On Friday 31 January 1986, there was a children's party in one of the wards. Eamonn Andrews donned a party head – Disney character Pluto [Bigredbook.info editor: it was actually Donald Duck] – to attend, and surprise Sister June McElnea, MBE.
As he said, he was seeking a little lady with a big heart. At eighteen, when she wanted to become a trainee nurse, she stood just 4ft 11in, and the minimum height requirement was precisely five foot.
She went for her interview wearing the highest of high heels and a hat that looked like a chimney. She got the job and went on to become a nursing sister at Great Ormond Street whose very personality turned tears to smiles among the children whose lives were constantly in the balance.
Cricket commentator Brian Johnston and his wife Pauline came to tell us how 'Sister Mac' had kept up their spirits for twelve years of care of their daughter, Joanna. Joanna came, too.
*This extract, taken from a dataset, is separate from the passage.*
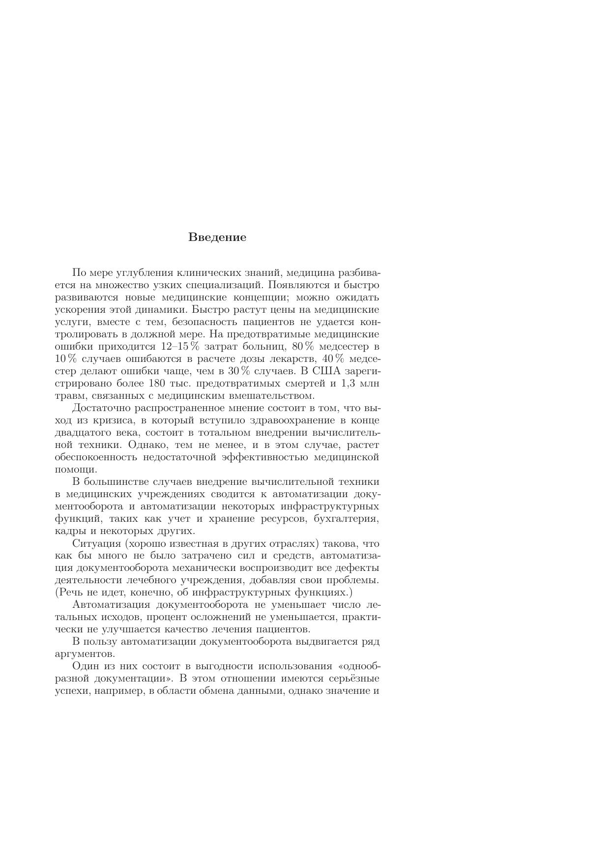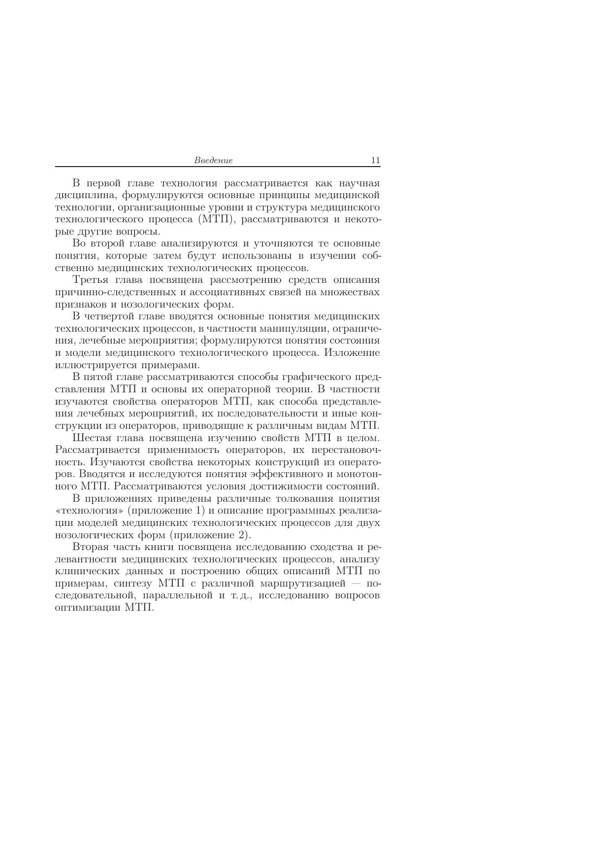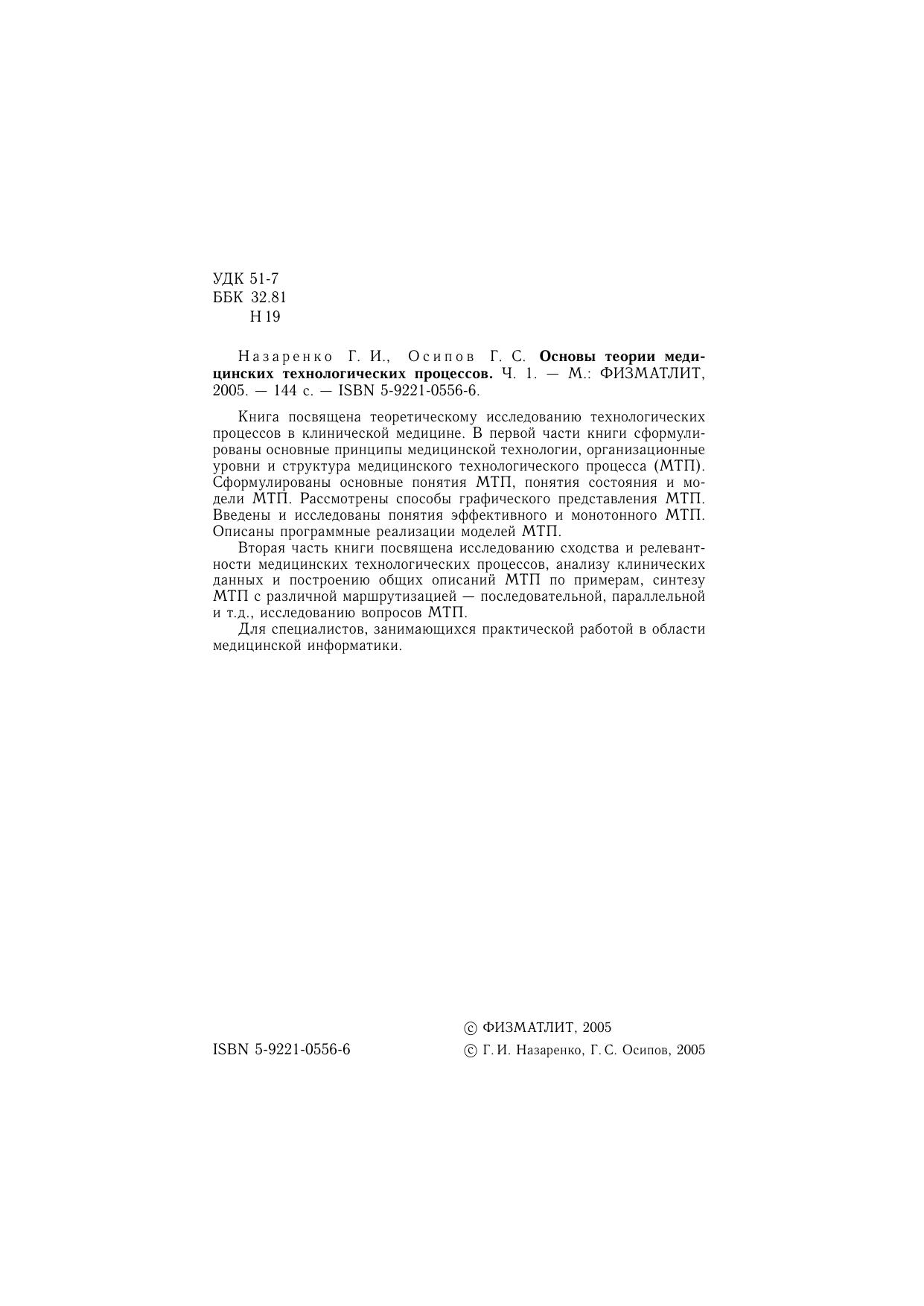 Книга посвящена теоретическому исследованию технологических процессов в клинической медицине. В первой части книги сформулированы основные принципы медицинской технологии, организационные уровни и структура медицинского технологического процесса (МТП). Сформулированы основные понятия МТП, понятия состояния и модели МТП. Рассмотрены способы графического представления МТП. Введены и исследованы понятия эффективного и монотонного МТП. Описаны программные реализации моделей МТП. Вторая часть книги посвящена исследованию сходства и релевантности медицинских технологических процессов, анализу клинических данных и построению общих описаний МТП по примерам, синтезуМТП с различной маршрутизацией — последовательной, параллельной и т.д., исследованию вопросов МТП. Для специалистов, занимающихся практической работой в области медицинской информатики.

Sister Mac had her own hero, cricketer Ian Botham. We made sure he was able to have a word from the West Indies, where he was on tour. For good measure, David Gower, then the England captain, introduced the whole of the team to wave their greetings to a remarkable woman whose true height might have meant she did not measure up to the job.
Grateful children, and their parents, testified how she had seen them through unimaginable crisis. One mother, Ann Towse, had sent Sister Mac a Christmas card that year, recalling the period when her young son, then aged four, was in Great Ormond Street, and the doctor had said, 'We can do no more for David.'
The card said, 'You were close by and ready to help. David will be twenty-one next birthday. How wonderful to have known a real saint.'
In January 1986 Brian paid a return visit to This Is Your Life when he appeared as a guest with Pauline and their youngest daughter Joanna. The subject of the programme was Sister June McElnea, MBE, known as Sister Mac, who was retiring after nearly forty years at Great Ormond Street Hospital. Pauline explained to Eamonn Andrews that they had first met Sister Mac at a very traumatic moment when they discovered that Joanna had diabetes. She had taught Joanna how to practise her injections on an orange. 'There were many occasions when Joanna had to go into Great Ormond Street,' Pauline informed Sister Mac, 'and the fact that you were there with your cheerful smile kept our spirits up.'
Brian could not resist telling a joke. 'A mother came to visit her child once,' he told Eamonn, 'and she had rather a bad cough. Sister Mac said, "Let me look at your throat." So she looked down her throat and said, "Yes, you've got a bad cough. Do you ever get a tickle in the morning?" And the mother said, "I used to, but not now they've changed the milkman!"' The audience laughed, although Eamonn looked rather taken aback.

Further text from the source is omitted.